The Central Bank of Egypt’s Monetary Policy Committee kicked off its first meeting of the year with a cut, lowering key interest rates by 100 bps on the back of growing confidence that inflation is on a sustained downward path, CBE said in a statement (pdf) last Thursday.
The overnight deposit rate now stands at 19.00%, while the lending rate was lowered to 20.00%, with the main operation and discount rates set at 19.50%. Meanwhile, the bank trimmed the required reserve ratio (RRR) — the share of deposits banks must hold at the central bank without earning interest — by 200 bps to 16.00%, injecting more liquidity into the banking system.
The cut fell in line with expectations, with nine out of the eleven analysts polled byEnterpriseAM pencilling in a rate cut, with expectations ranging from a careful 100 bps to a bolder 200 bps. A consensus emerged that the CBE had successfully moved past a crisis management phase, with EG Bank board member Mohamed Abdel Aal even describing the central bank as now operating from a “position of strength” on the back of a more convivial relationship with IMF and ample FX liquidity.
The rationale
Inflation continues to ease and growth remains below potential. Annual headline inflation slowed 0.4 percentage points to 11.9% in January following a 14.2 percentage point drop in the average annual inflation rate between 2024 and 2025 on the back of a broad-based slowdown in price pressures supported by lower food inflation, exchange rate stability, and subdued demand. With disinflation appearing to be on track — and more importantly entrenched — policymakers are understandably more confident of managing to hit the 7% (±2%) target by year-end while also lowering rates.

Moderating growth is also giving the central bank more reasons to cut. Real GDP is estimated to have expanded by 4.9% y-o-y in 4Q 2025, down from 5.3% y-o-y the previous quarter. With output still below full capacity, the central bank sees limited near-term inflationary risks, allowing it to cautiously pivot toward supporting economic activity while maintaining a focus on price stability.
The analysis
Analysts broadly agree that the central bank’s tone has shifted — and the easing cycle is only beginning. Capital Economics’ Senior MENA Economist James Swanston noted a subtle but telling change in language: policymakers now say inflation will “reach” their target, rather than merely “converge toward” it. The firm expects another 600 bps of cuts this year, which would bring the overnight deposit rate down to 13.00%. That view aligns with wider market expectations, where 13 out of 14 economists surveyed by LSEG had anticipated easing, with several — including Capital Economics — correctly calling a 100 bps move.
What stood out to many was the RRR cut. By lowering the ratio by 200 bps, the central bank unlocked bns in liquidity — a step analysts describe as more consequential than the rate cut itself. EG Bank Board Member Mohamed Abdel Aal called it the “stronger and more meaningful signal,” arguing that “cutting rates is an invitation to invest, while cutting the reserve requirement provides the liquidity necessary for that investment.” Economist Hany Abou El Fotouh echoed the view, saying the move reduces funding costs and accelerates the pass-through of easing to businesses and households.

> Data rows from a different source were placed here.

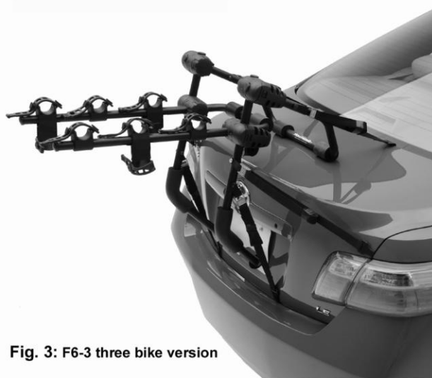
Fig. 3: F6-3 three bike version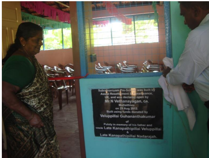
Subramaniyam Pre-School Opening Ceremony on 29-08/13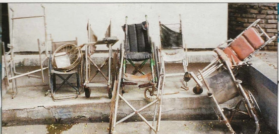
Sharing Resources Worldwide - Before and after pictures of restored wheelchairs.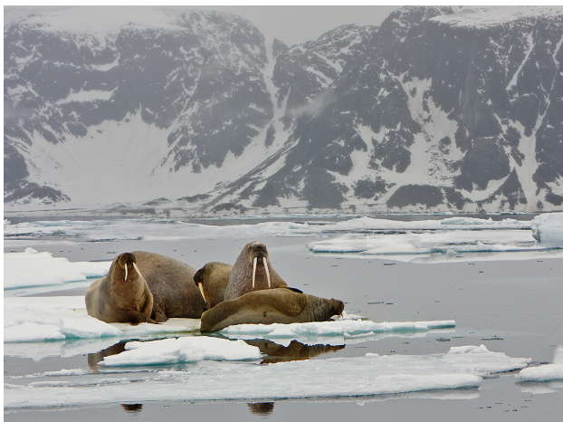
Best Enviromental Walrus on Ice Flow by Barrie Hatten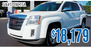
2015 GMC Terrain SLT-2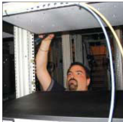
An installer prepares a rack to accept one of the Foxwoods project's 120 new American Dynamics DVRs, and later slides it into place. The units are kept in a room maintained at 68° F to avoid any thermal-related failures.

To ensure this support, a team was assembled that would ultimately include the manufacturers rep organization, manufacturer, integrator and an independent consultant ( see sidebar on page 46 ). During the course of 40 months, this group would plan and execute the largest digital video upgrade ever accomplished.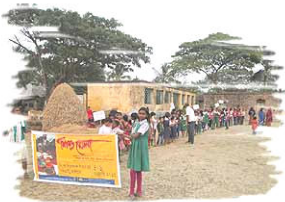
A rally to ban child labour...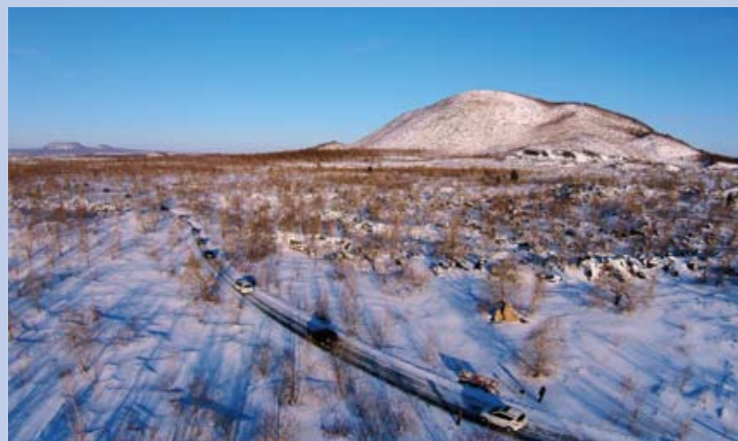
✦ Riders drove into Laohei Volcano Scenic Area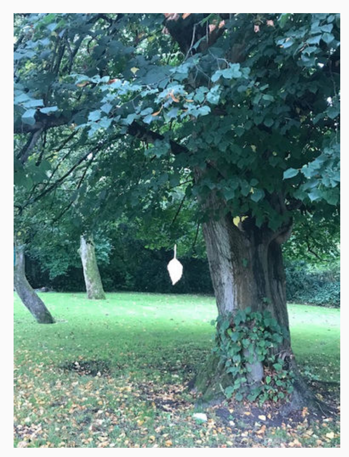
A spinning leaf on a spider's web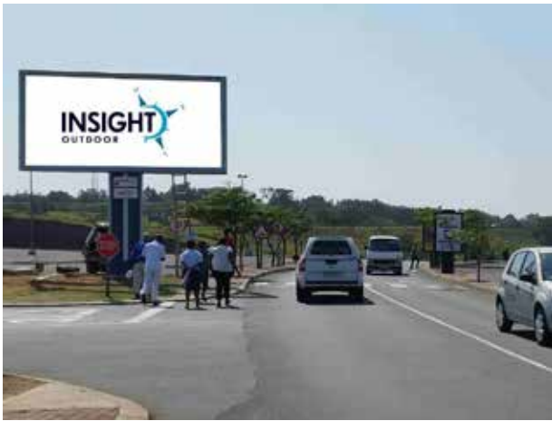
BILLBOARD – ISD 001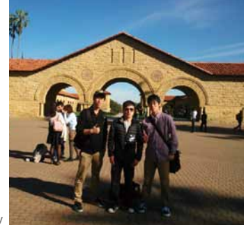
At Stanford University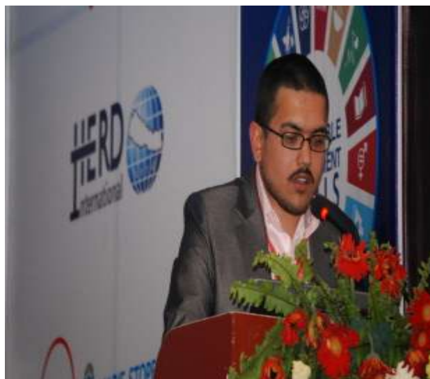
Oral and Poster presentations made by HERD during the event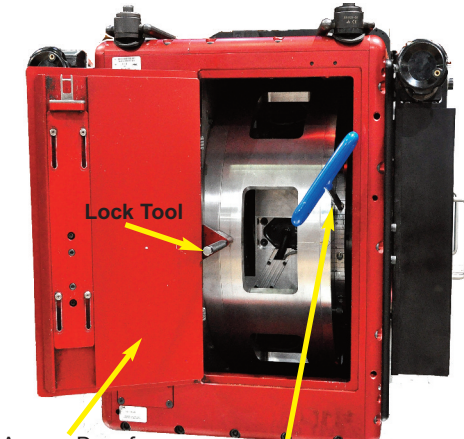
Access Door for resetting dimensions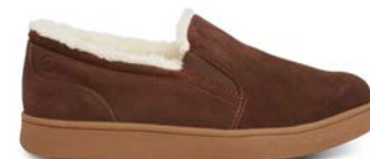
Smooth Toe Espresso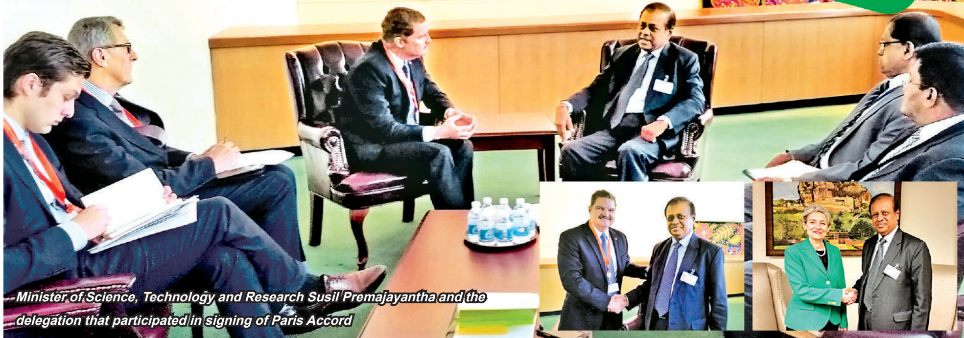
Minister of Science, Technology and Research Susil Premajayantha and the delegation that participated in signing of Paris Accord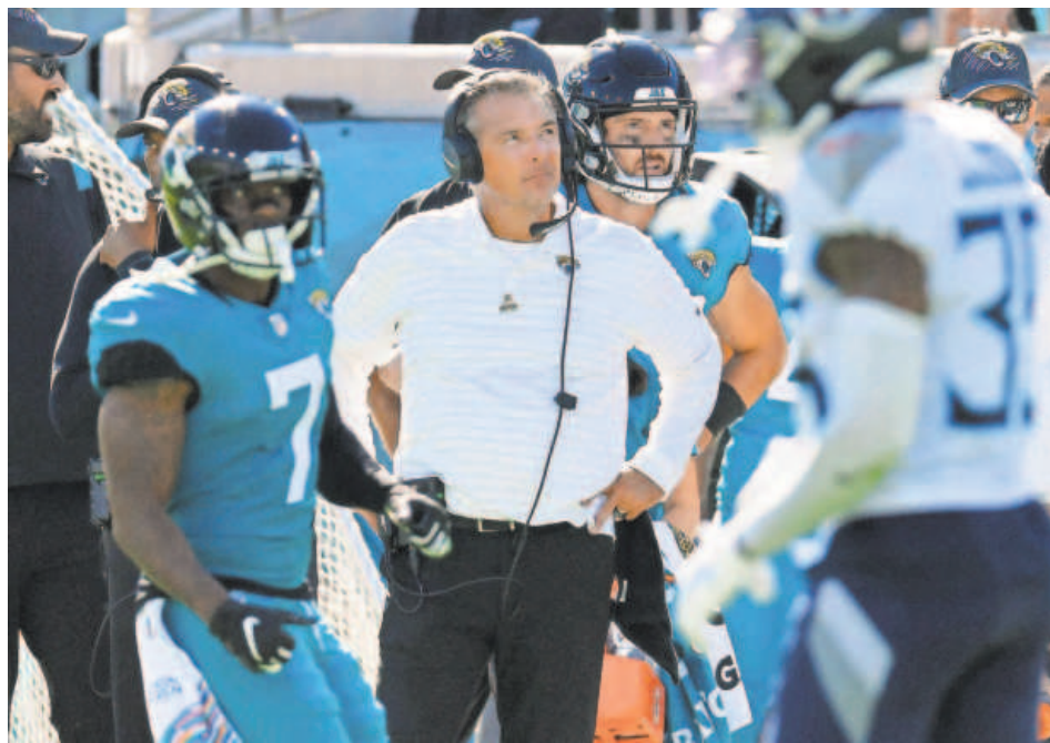
First-year NFL head coach Urban Meyer's Jaguars fell to 0-5 on Sunday and Jacksonville has lost 20 consecutive games.

Arizona was excellent in high-leverage situations. The Cardinals limited the 49ers to 3 of 11 conversions on third downs, kept the Niners out of the end zone in their only goal-to-go scenario of the game and stopped San Francisco on fourth downs on four out of five tries. According to Elias Sports Bureau, it was the only time in at least the last 40 seasons that a team recorded four fourth-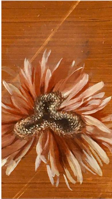
Peinture en cours (détail)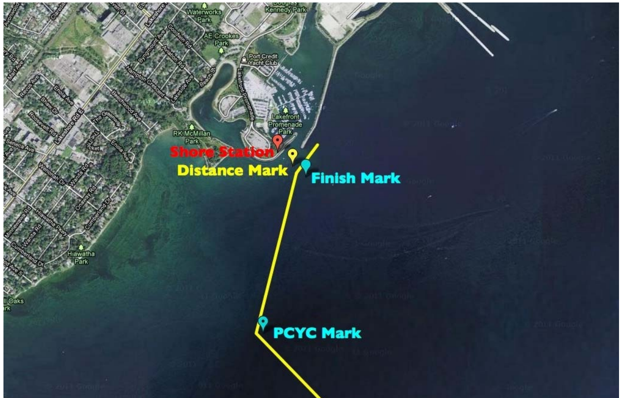
Diagram 2 The Finish – Long Distance Race Only

The Starting Area After the first warning signal for a race and prior to her warning signal, a sailboat shall keep clear of the starting area that extends one-quarter of the length of the starting line ahead of and behind the starting line. It shall also extend one-quarter of the length of the starting line past either end of the starting line

Thndr’s Amr El Alfy said the decision reflects growing confidence that inflation is moving toward the target range, adding that the additional liquidity could lower borrowing costs for businesses and the government while supporting demand for treasury bills. HC Securities’ Head of Equity Research Nemat Choucri described the step as a clear expansionary signal that should lift credit growth, even as policymakers remain mindful of geopolitical risks and fiscal reform commitments.
Others see the combined impact as larger than appears on paper. Hany Genena of Al Ahly Pharos said the move is larger than a mere 100 bps cut “once the liquidity impact of the reserve requirement reduction is factored in.” Banks’ excess liquidity at the central bank has dropped sharply over the past year — from around EGP 1 tn a year ago to EGP 80 bn — limiting room to expand credit. By releasing required reserves, banks can meet lending demand without squeezing profitability, particularly with net interest margins still elevated at around 9% at some institutions, Genena said.
Improving macro conditions have also reinforced confidence. Analysts point to record foreign currency reserves and a return to a net foreign asset surplus as giving policymakers more space to ease without destabilizing markets. Former Banque Misr Vice Chairman Sahar El Damati said slowing inflation opened the door for cuts, adding that lower rates should ease government debt serving costs and support corporate expansion. She expects rates could fall further to 12.00-13.00% by year-end if disinflation continues.
The outlook
Capital Economics’ Swanston expects the central bank to continue cutting rates throughout the year as inflation declines, noting risks to interest rates are “to the downside” if disinflation proceeds faster than expected.
Still, policymakers remain cautious. The CBE said future rate decisions will depend on inflation developments and global and domestic risks, including geopolitical tensions and fiscal reforms, as it balances supporting growth with maintaining price stability.